April 21 was the day image models started thinking

Reasoning showed up in image models the way reasoning showed up in text models in late 2024: a slower, more deliberate mode that thinks before it produces. OpenAI’s launch post describes two modes (Instant for fast output, Thinking for the deliberate one) with Thinking restricted to paid tiers. Under the hood, Thinking runs a planning step, can pull web references, generates candidates, and re-checks the result against the prompt before returning. The headline win is character and object consistency across frames, the place every previous image model was the weakest. The secondary win is text inside images, which finally reads like type and not like a hallucinated guess at letterforms.

Two days before that launch, the arena’s top model was GPT Image 1.5. Two days after, it was GPT Image 2 at 1338 Elo, with the next four seats split between Google’s Nano Banana family, the previous-generation OpenAI model, and Microsoft. The thing that beat all of them was, by their own benchmarks, the same family with a reasoning loop on top.

What shipped: three new flagships, three bets

Three labs shipped genuinely new flagship image models in the quarter, not point updates. Each one made a different bet, and the three bets almost don’t overlap.

Three new flagships · Feb 10 to Apr 21

Model

Lab

Date

The bet

Qwen-Image-2.0

Alibaba

Feb 10

Cut the parameters (20B → 7B), keep the typography crown, ship native 2K.

MAI-Image-2-Efficient

Microsoft AI

Apr 14

Same family, leaner inference: 22% faster, 4× the GPU throughput on H100s.

gpt-image-2

OpenAI

Apr 21

Stop drawing first. Plan, search, generate candidates, verify against the prompt.

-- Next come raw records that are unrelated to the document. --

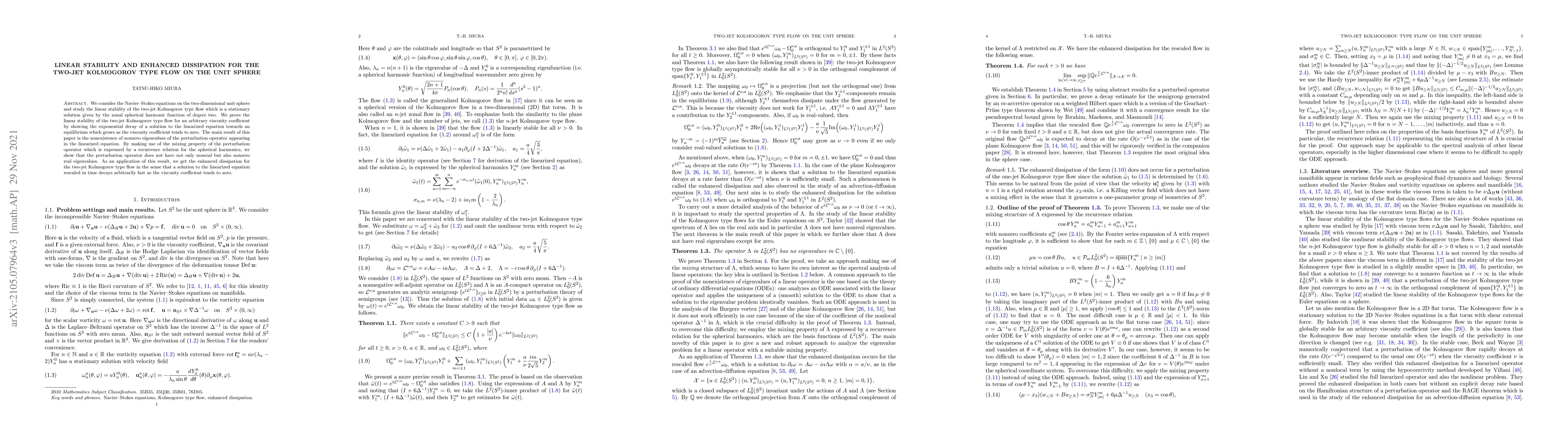 This paper proves the linear stability of the two-jet Kolmogorov type flow on the unit sphere by demonstrating the exponential decay of perturbations, showing no nonzero eigenvalues for the perturbation operator, and establishing enhanced dissipation as viscosity tends to zero.
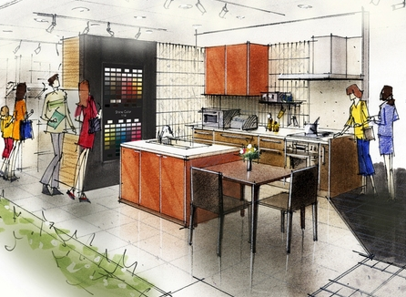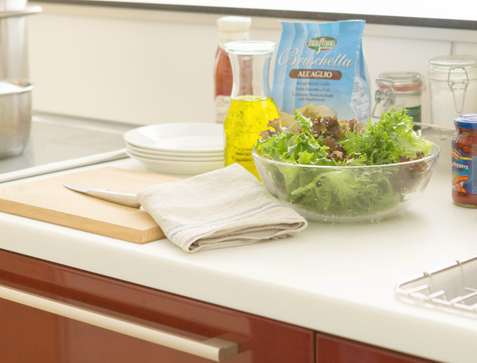 現代のシステムキッチンのカウンターワークトップ(作業台)で使用されている
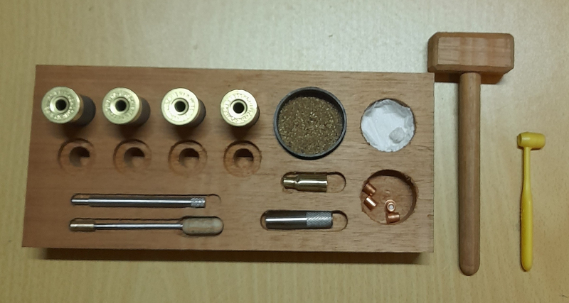 ich biete ihnen hier ein Lade-Set für Schrotpatronen im Kaliber 12/65 an. Es handelt sich um ein Set mit dem sie per Hand ihre Schrotpatronen für das Heimtraining Coachgun Wiederladen können. Da ich nun aus Altersgründen das Westernschießen aufgebe kommt nun auch neben meiner Coachgun – Kutscherflinte (Eine andere Auktion hier im E-Gun) auch mein Wiederladeset für das Heimtraining zum Verkauf. Alles was sie auf dem Bild sehen gehört zur Auktion – Ladeblock, vier Ladehülsen, Entzunder-Nadel, Fülltrichter, Lade-Dorn, Zündhütchen-Setzer, Schöpfkelle und Ladehammer. Der Inhalt der Näpfe ist mit inbegriffen. Das Laden ist recht Simpel: Ladehülse Bezundern – Papierkügelchen bis ganz nach unten stopfen – 1 – 1 ½ Löffel mit Granulat befüllen – Papierkügelchen oben auf setzen damit nichts aus der Ladehülse rieselt – FERTIG. Da die Energie der Ladehülsen unter 7,5 Joule liegt und nur mit den Zündhütchen 209 betrieben wird ist nach derzeitigem Waffenrecht der Erwerb frei und nicht Eintragungspflichtig. Und zum Schluss noch das Übliche - dies ist ein Privatverkauf daher Garantie - Rückgabe - Umtausch und der gleichen Ausgeschlossen.
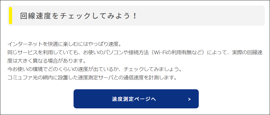 公式サイトによると、1Mbpsあればホームページ、メールなどの文字中心の利用は十分可能。10Mbpsあればインターネット、動画、ゲームは十分利用出来る速さ。30Mbps以上あれば高画質の動画もストレスなく再生出来るとのこと。
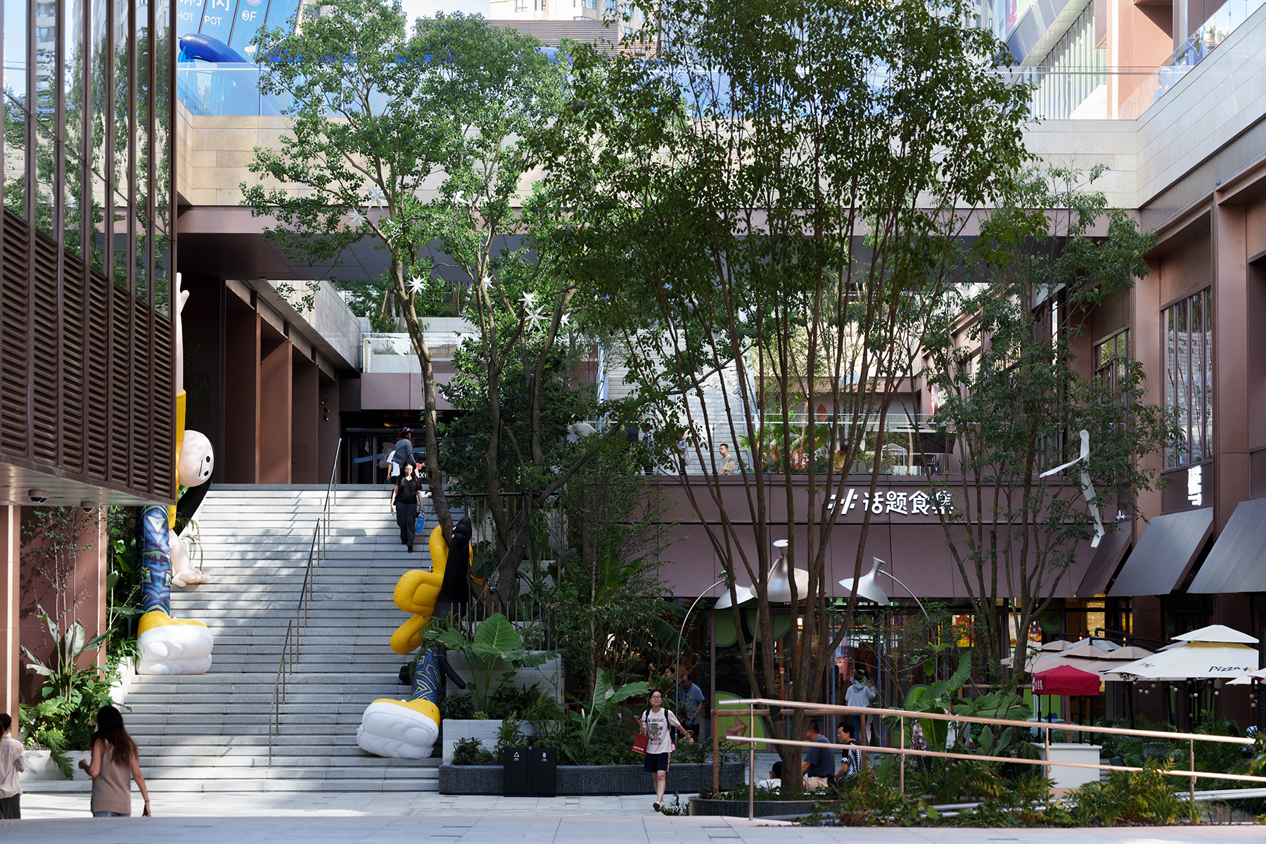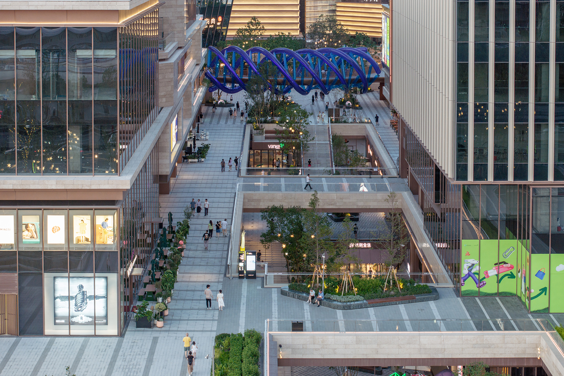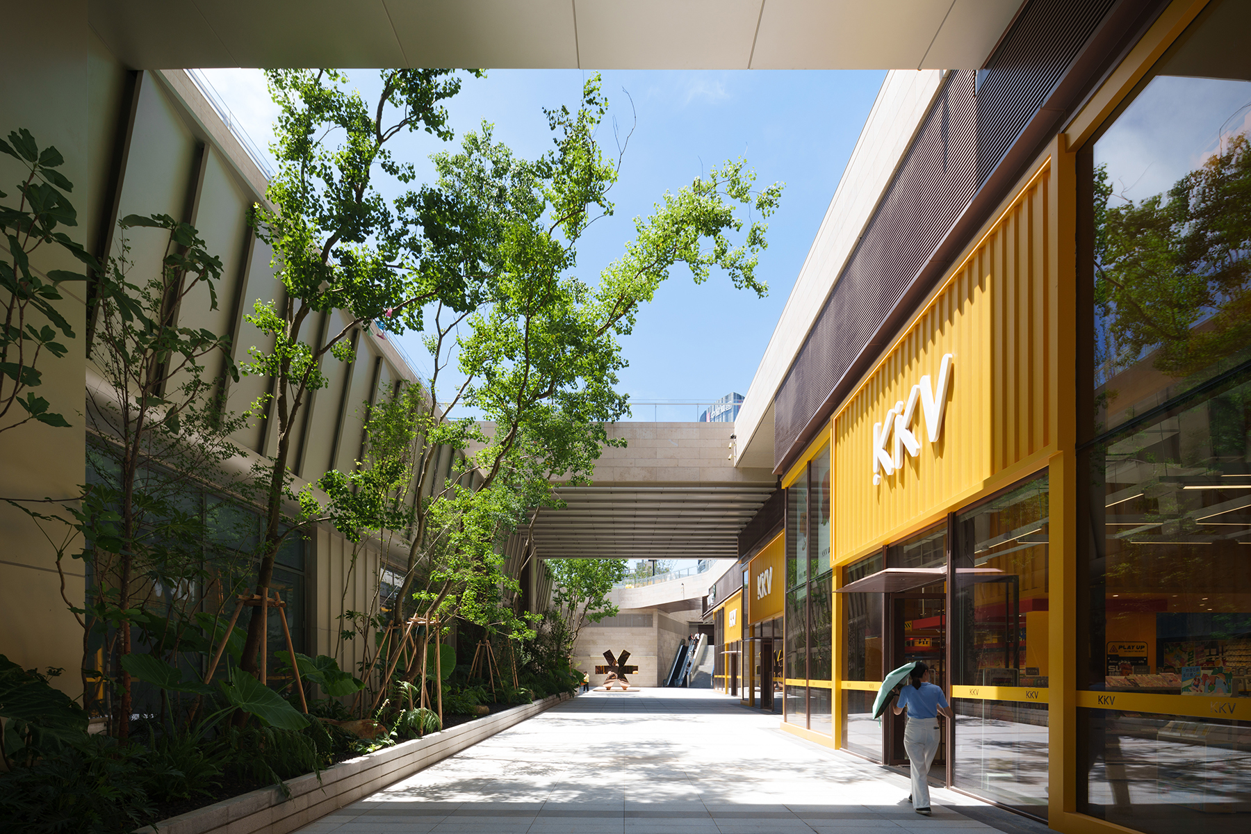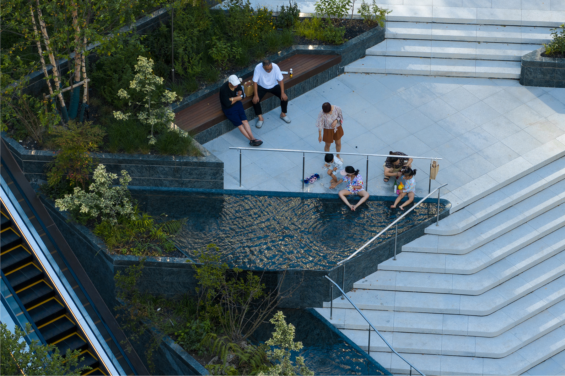 上海徐汇万科中心历经12年开发,以“山林中城”为核心理念,整合三期共72万㎡综合体。项目毗邻上海南站枢纽,通过“POD(公园×TOD)”模式,以“高效链接”策略缝合被割裂的场地,构建立体步行网络串联商业、办公与绿轴公园;“自然共生”策略通过生态圈分层与杂木林种植,打造低维护、可持续景观。设计强调“日常致远”,以人性化公共空间抵御极端气候考验,平衡城市更新与生态韧性,重塑可持续城市肌理。

Alibaba opened the quarter on February 10 with Qwen-Image-2.0, a 7-billion-parameter rebuild of last year’s 20B model that beat the older one on DPG-Bench (88.32 vs 83.84) at a third of the weight class, with native 2K resolution and a unified generation-and-editing path in a single model. For most of the spring it sat at #1 on the LM Arena image leaderboard for both text-to-image and editing. The API is on Alibaba Cloud’s BaiLian platform; open-weight release was still pending as of mid-May.

Microsoft’s April 14 release, MAI-Image-2-Efficient, was the quieter of the three. It’s a distilled, leaner sibling of the existing MAI-Image-2: same family, 22% faster generation and 4× the GPU throughput on H100s. The interesting part isn’t the model; it’s the pricing, which lands at roughly $19.50 per million image-output tokens. Image generation by the token, billed alongside text, is now a normal API shape. It used to be per-image.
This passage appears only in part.